- **To do**: The printed result should hold only the lines from the opening of the data through the line bearing "為華夏金融租賃建造的第6艘6", exactly as given and without pictures.

Dataset excerpts
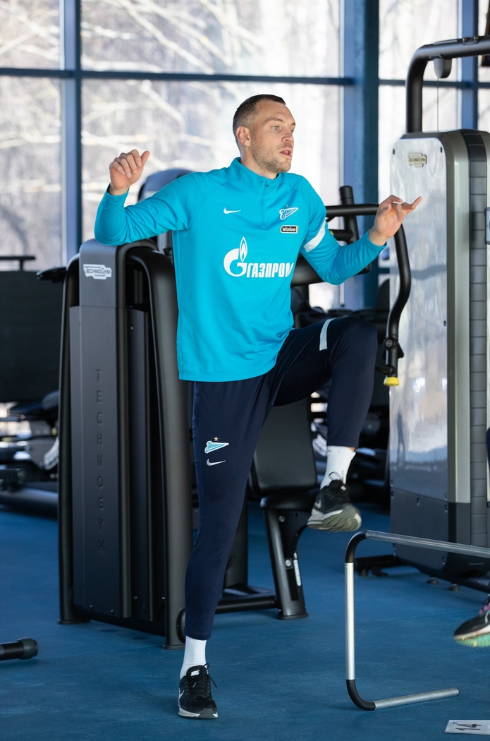 24.03.2022. Россия, Санкт-Петербург, «Газпром»-Тренировочный центр. Тренировка основного состава ФК «Зенит» в Удельном парке. На снимке: Артём Дзюба, нападающий ФК «Зенит».Автор: Евгений Асмолов / ФК «Зенит»
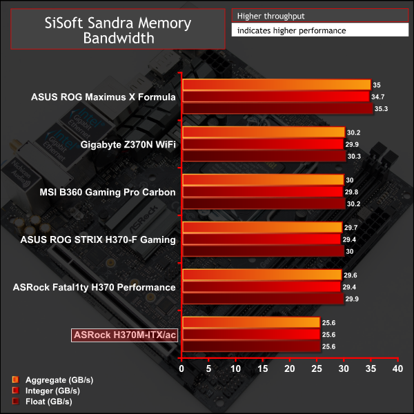 Memory performance takes a hit compared to other H370 motherboards since memory throughput is linked to CPU frequency which is lower due to a conservative UEFI power limit.
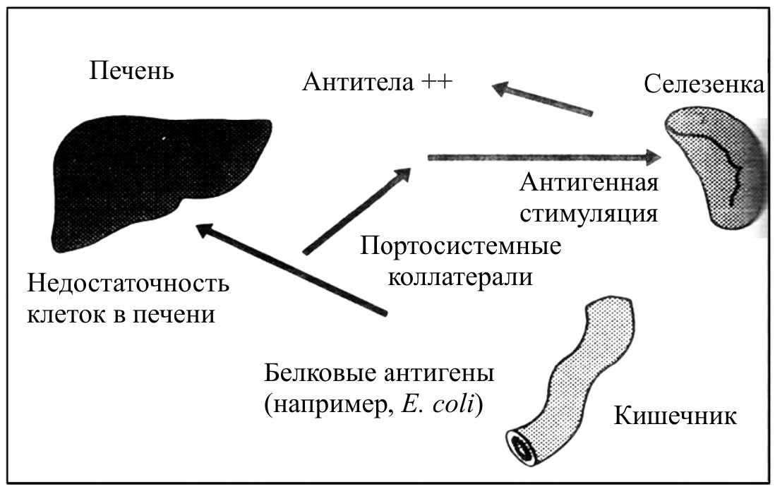 На фоне портальной гипертензии нарушается процесс поглощения и инактивации белковых антигенов из кишечника клетками Купфера и пораженными гепатоцитами. Кроме того, эти антигены при развитии портосистемных коллатералей на фоне портальной гипертензии и прохождении через внутрипеченочные шунты, образующиеся вокруг узлов в печени, стимулируют выработку антител / гамма-глобулинов, особенно в селезенке [4].
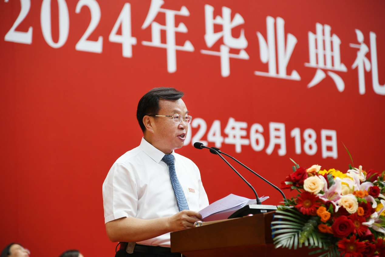 “大家将青春留在母校的锦绣年华里,母校也因你们而活力四射。”周南平回顾同学们与学校共同见证的高光时刻:中国共产党成立100周年的辉煌和党的二十大胜利召开,办学90周年盛典,学校入选江苏高水平大学建设高校,实现国家级教学成果奖、作为第一单位发出首篇NATURE论文等历史性突破。新增2个学科进入ESI全球排名前1%,新增1个一级学科博士点、2个一级学科博士后科研流动站,获批国家级一流本科专业21个,引进培育海外院士、国家杰青等一大批国家级人才。周南平希望同学们从这段与江科大共生共长的生命岁月中汲取力量,用热辣滚烫的青春追求爱与幸福,奔赴山海。
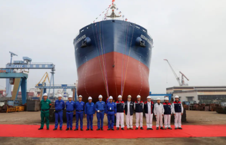 為華夏金融租賃建造的第6艘63500噸散貨船下水,這是2024年中船澄西本部的第2艘下水船。
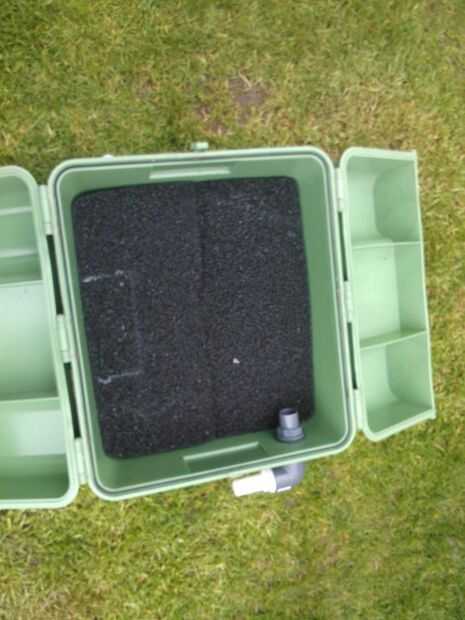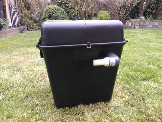 mi primer instructable. he hecho un sistema filtración del estanque de smal de chatarra. Utilizando un inviromentbox residuos tóxicos que se encuentran en muchos pueblos de Bélgica casas sin ningún uso. Solo tengo que comprar un filtro de unas algunas conexiones. La elección que hice fue porque este cuadro es muy fuerte en iniciar resistente contra productos pesados. mi filtro más grande está hecho de chatarra de flexibele protección del tubo. entre el filtro negro y tubos pequeños te coloqué una filtersack con muy pequeña argex (o residuos de coca-cola). (no en fotos) .cokes también hacer el trabajo.

- **Response area**:
 24.03.2022. Россия, Санкт-Петербург, «Газпром»-Тренировочный центр. Тренировка основного состава ФК «Зенит» в Удельном парке. На снимке: Артём Дзюба, нападающий ФК «Зенит».Автор: Евгений Асмолов / ФК «Зенит»
 Memory performance takes a hit compared to other H370 motherboards since memory throughput is linked to CPU frequency which is lower due to a conservative UEFI power limit.
 На фоне портальной гипертензии нарушается процесс поглощения и инактивации белковых антигенов из кишечника клетками Купфера и пораженными гепатоцитами. Кроме того, эти антигены при развитии портосистемных коллатералей на фоне портальной гипертензии и прохождении через внутрипеченочные шунты, образующиеся вокруг узлов в печени, стимулируют выработку антител / гамма-глобулинов, особенно в селезенке [4].
 “大家将青春留在母校的锦绣年华里,母校也因你们而活力四射。”周南平回顾同学们与学校共同见证的高光时刻:中国共产党成立100周年的辉煌和党的二十大胜利召开,办学90周年盛典,学校入选江苏高水平大学建设高校,实现国家级教学成果奖、作为第一单位发出首篇NATURE论文等历史性突破。新增2个学科进入ESI全球排名前1%,新增1个一级学科博士点、2个一级学科博士后科研流动站,获批国家级一流本科专业21个,引进培育海外院士、国家杰青等一大批国家级人才。周南平希望同学们从这段与江科大共生共长的生命岁月中汲取力量,用热辣滚烫的青春追求爱与幸福,奔赴山海。
 為華夏金融租賃建造的第6艘63500噸散貨船下水,這是2024年中船澄西本部的第2艘下水船。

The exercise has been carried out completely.